One limitation of CNVseq-AOH is that it cannot be used for the detection of mosaic AOH. So, we did not include the 4 cases with mosaic AOH for testing in the first place. Based on the signals for these 4 cases (Supplementary Fig. 4), CNVseq-AOH possesses the potential for predicting mosaic AOH. This may require a different model and a great number of ascertained positive cases with mosaic AOHs for model training, which is an interesting topic but beyond the scope of this study. Another limitation of the current study is the performance of CNVseq-AOH for the detection of AOHs on the X chromosome. With a depth of 0.1-fold, a detection sensitivity of only 59.49% was achieved for the 79 AOHs on the X chromosome in the 1KGP. In phase three of the 1KGP, variants on the X chromosome were phased without the pedigree-based correction using Eagle2 (http://ftp.1000genomes.ebi.ac.uk/vol1/ftp/data_collections/1000G_2504_high_coverage/working/20201028_3202_phased/README_SNV_INDEL_phasing_111822.pdf), resulting in less number of SNPs per 1 Mb. So, the information of biallelic SNPs in the VCF file for the X chromosome is insufficient to calculate the probabilities for resampled reads. Actually, this is not a limitation of CNVseq-AOH, which means that, with sufficient information in the reference panel, CNVseq-AOH also possesses the potential to provide high prediction sensitivity for AOHs located on the X chromosome. Next, we plan to reanalyze these samples to optimize the performance of CNVseq-AOH for the detection of AOHs on the X chromosome.

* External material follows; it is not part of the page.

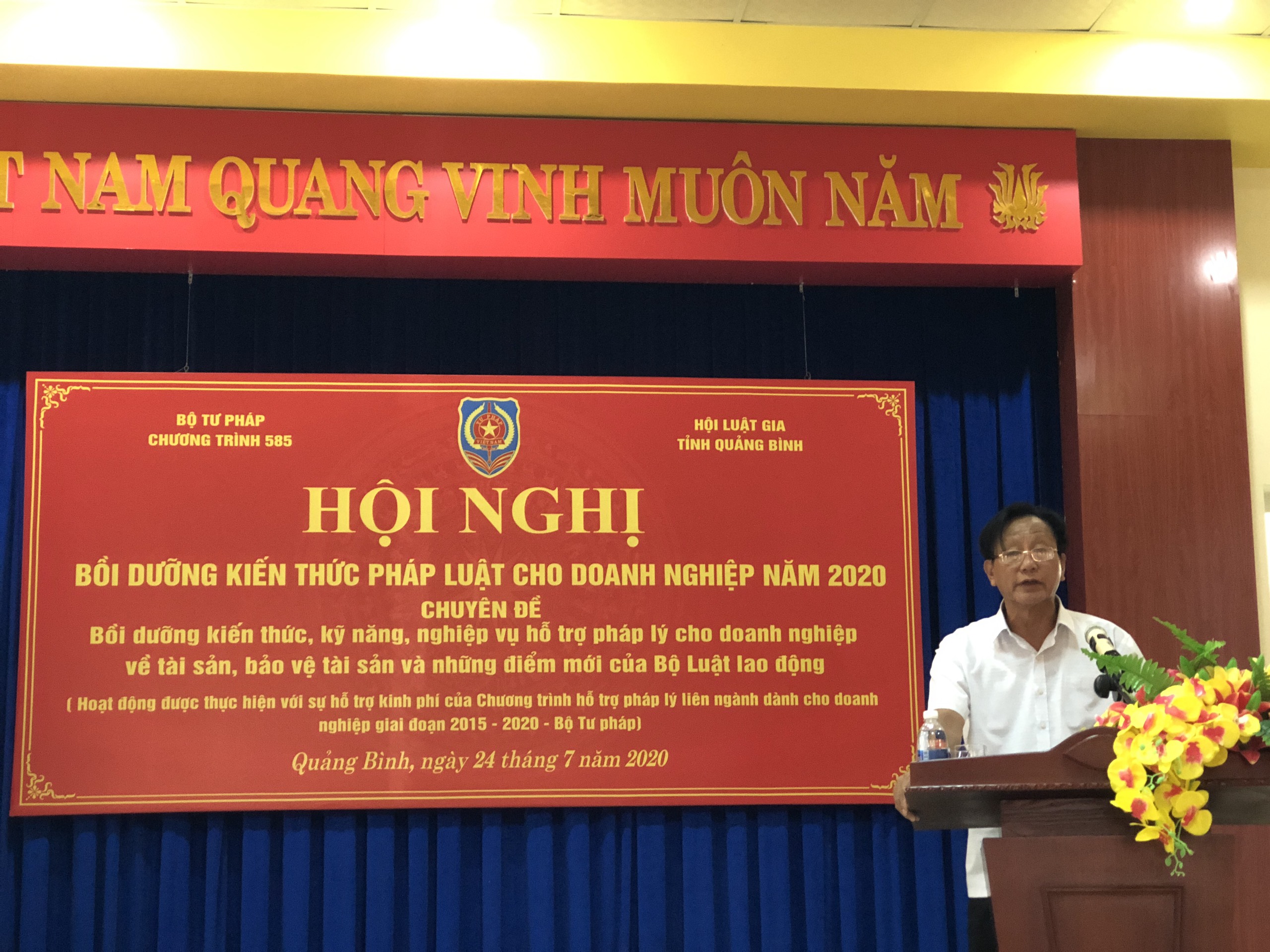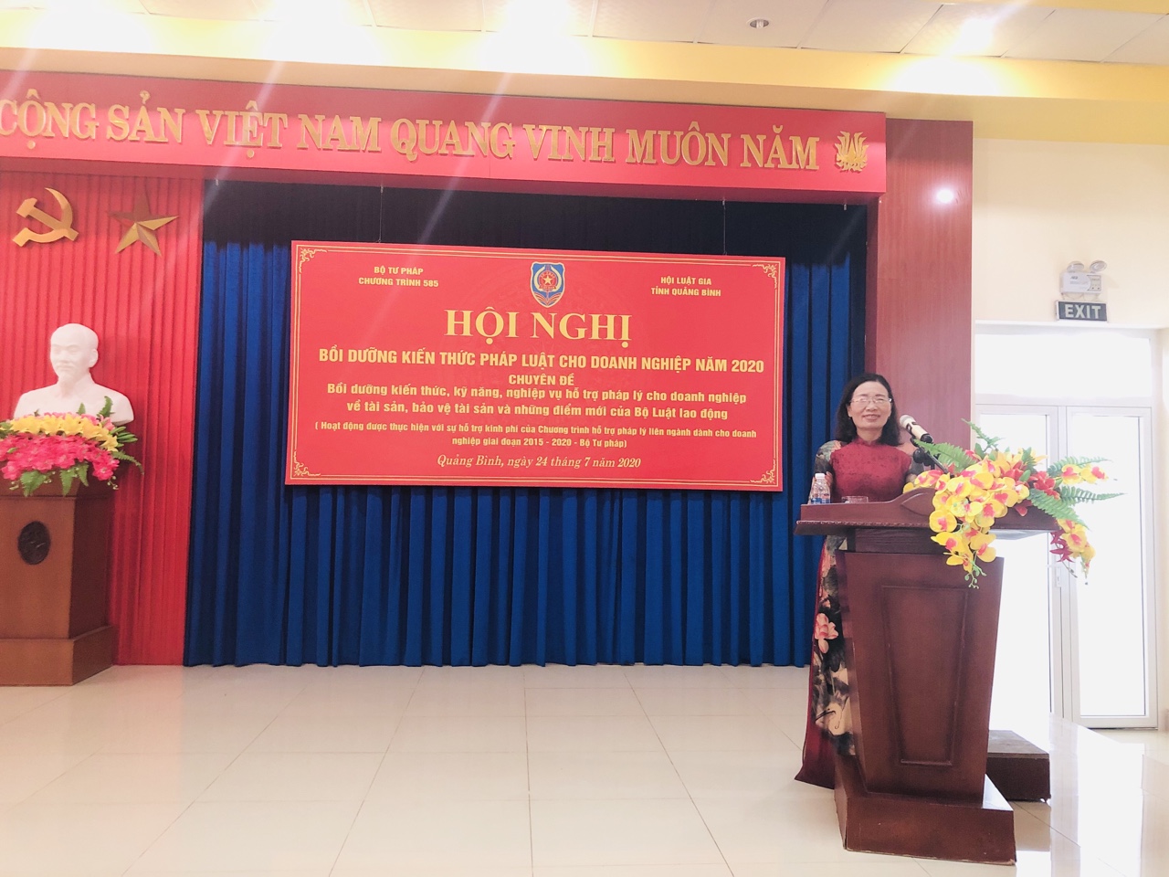 Được sự đồng ý và hỗ trợ của Ban Quản lý Chương trình hỗ trợ pháp lý liên ngành dành cho doanh nghiệp giai đoạn 2015-2020 (Chương trình 585) - Bộ Tư pháp, ngày 24/7/2020, tại hội trường Trung tâm Dịch vụ việc làm Thanh niên tỉnh Quảng Bình, Hội Luật gia tỉnh Quảng Bình tổ chức Hội nghị bồi dưỡng kiến thức, kỹ năng, nghiệp vụ hỗ trợ pháp lý cho doanh nghiệp về quyền tài sản, bảo vệ quyền tài sản và những điểm mới của Bộ luật Lao động. Dự Hội nghị có gần 100 đại biểu là cán bộ, hội viên tại các cấp Hội Luật gia trong tỉnh, các tư vấn viên pháp luật tại các Trung tâm Tư vấn pháp luật và cán bộ thực hiện công tác hỗ trợ pháp lý tại các cơ quan, tổ chức thực hiện chức năng hỗ trợ pháp lý cho doanh nghiệp; cán bộ thực hiện công tác hỗ trợ pháp lý tại các doanh nghiệp; tư vấn pháp luật của doanh nghiệp trên địa bàn tỉnh.

In this study, we investigated sequencing depth on model performance in the 1KGP. In general, the prediction sensitivity of CNVseq-AOH increased with sequencing depth. However, data in the 1KGP was generated using various sequencing parameters (different sample types, library construction protocols, sequencing platforms, etc.), so the evaluation of sequencing depth may be biased. For clinical laboratories, depth evaluation using real clinical samples and uniform sequencing parameters is necessary before clinical application.

Conclusions

In summary, we developed a method for predicting the absence of heterozygosity using LP-WGS data, which overcomes the sparse nature of typical LP-WGS by combing population-based haplotype information, adjustable sliding windows, and RNN. Next, we plan to apply our method to clinical pregnant women who underwent prenatal diagnosis, thereby further evaluating the performance and potential utility of CNVseq-AOH under realistic clinical scenarios.